The majority of pool owners resorts to winterizing their pools over the winter. It makes sense, since keeping a pool open if you’re not using it is just a waste of money and can be pretty tedious, as you would still need to keep your water quality.
However, now that the worst of the winter is behind us, at least in California, pool owners may begin to wonder when the optimal time to de-winterize their pools is, and how to go about doing it.
Temperature Is Key
The short answer is ‘it depends’. A slightly longer answer is that there are several factors which can influence the time when your pool is ready to be de-winterized and used once again. The most important of these factors is the temperature of water. Experts suggest that you should not reopen your pool if the water temperature is lower than 60 degrees.

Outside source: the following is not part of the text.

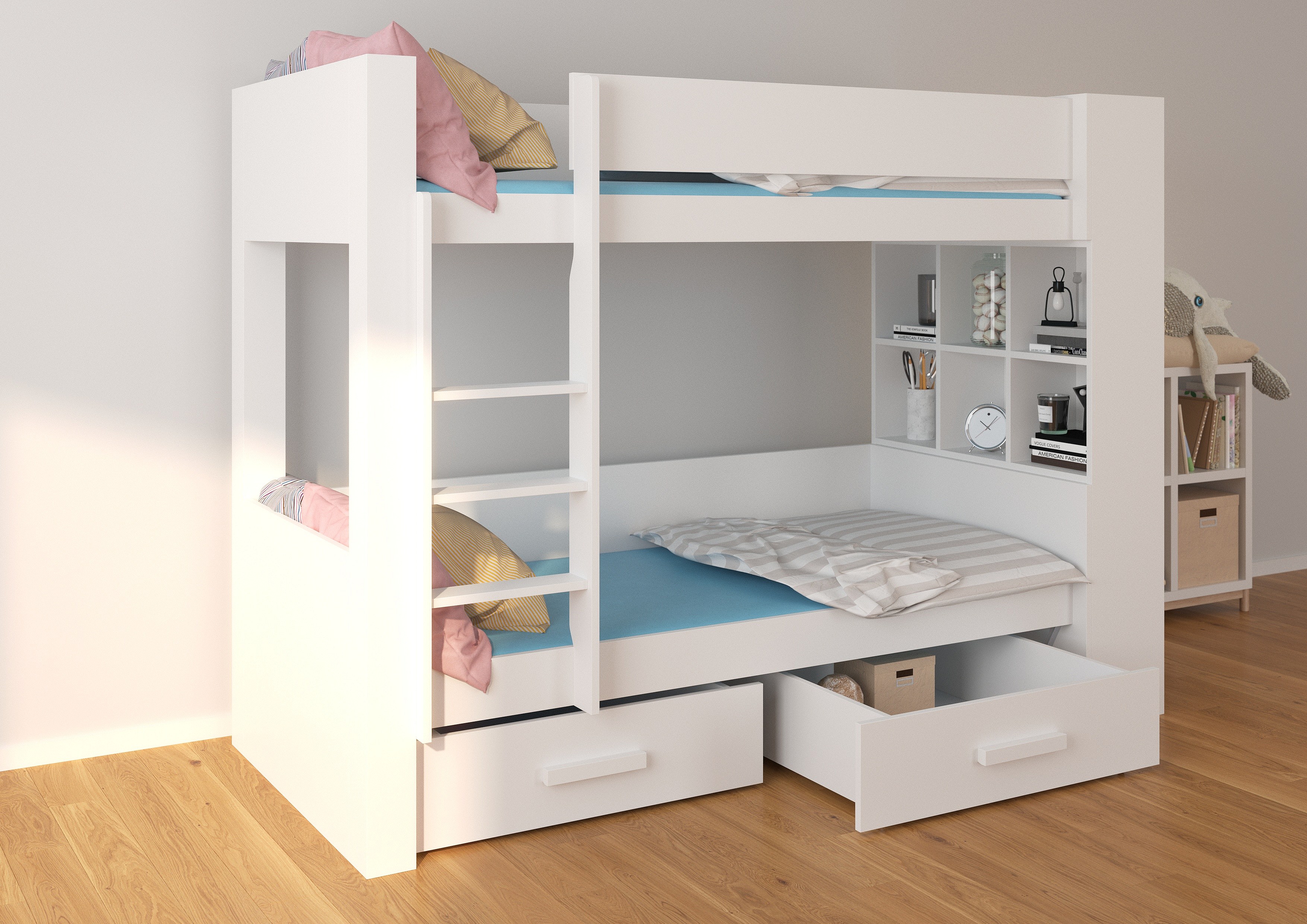 Lit superposé blanc et bois Sonoma 2 couchages 90x200 avec rangement Mila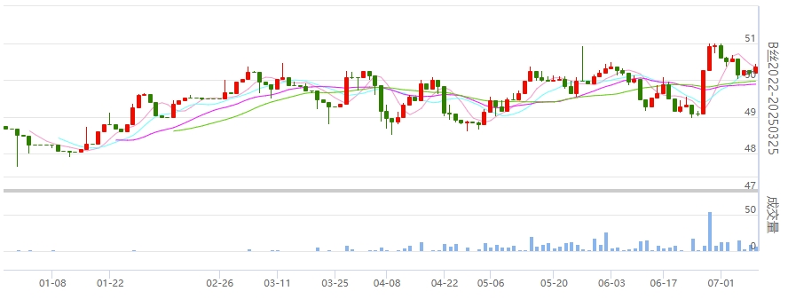 今日(2024年07月09日,周二)中國(guó)繭絲綢交易市場(chǎng)生絲電子指數(shù)上漲0.14%報(bào)5015.07點(diǎn)。B絲2022D(商檢4A級(jí)生絲):240725合約上漲0.06萬(wàn)元報(bào)收于50.13萬(wàn)元;240925合約上漲0.21萬(wàn)元報(bào)收于50.37萬(wàn)元;250325合約上漲0.18萬(wàn)元報(bào)收于50.37萬(wàn)元。B絲40/44-240725合約報(bào)平收于48.42萬(wàn)元;A絲20/22-240725合約報(bào)平收于51.84萬(wàn)元。(更多行情詳情到首頁(yè)進(jìn)行查看)

Similarly, you shouldn’t go through with the winterization if the temperature of the water is over 60 degrees, but at this point, it is a bit too late for that.
Start with the Basics
Even if you’re not ready to actually start using your pool, it may be time to start preparing it for reopening. The best way to ensure that the water in your pool doesn’t get contaminated is to put a pool cover on it when you winterize it. Not only will that protect it from debris, it will also make your pool safer if you have young children or pets in the back yard during the winter. Now it is time to uncover it, since there are no more leaves and other debris which could find their way into your pool. You should probably turn on the filtration system as well and balance your water’s chemistry as a preparation for the swimming season.
Do I Need to Chlorinate the Water?
If you have removed the pool cover, your pool water is now exposed to the elements. That means that you will need to start chlorinating your water regularly and turn on your water pump briefly every day. Some people consider this tedious and unnecessary, but the alternative is a green pool which is very difficult to recover and may end up requiring draining the pool and a detail cleaning of all parts.
Needless to say, this procedure would be significantly more expensive and time consuming than doing a few simple maintenance steps every day.
What If Temperature Drops Below Freezing?
A lot of people are reluctant to reopen their pools this early because they fear that the temperature may drop below freezing and they believe that it would somehow damage their pools. However, the truth is a bit different.
The first reason why this is unlikely is that the water inside the pool is fairly warm and tends to keep that temperature even when the air temperature drops. In essence, your pool itself is protecting itself from freezing. Be warned, however, that the ability of your pool to protect itself from freezing is short lived.
There are other things which can help your pool withstand a short period of below freezing temperatures. A vast majority of pools have a freeze protection option in their automation systems. This will automatically start protecting your pool from freezing over. However, even if you don’t have this option, you can simply turn on the water pump to keep the water moving which makes it harder to freeze over.
Some pool owners want to be self-sufficient and perform all maintenance and upkeep jobs themselves. However, if you don’t want to deal with this mundane task, or you feel like you’re not up to the task, you can always hire pool maintenance professionals to do the job for you. You can relax in the knowledge that the job will be done quickly and skilfully.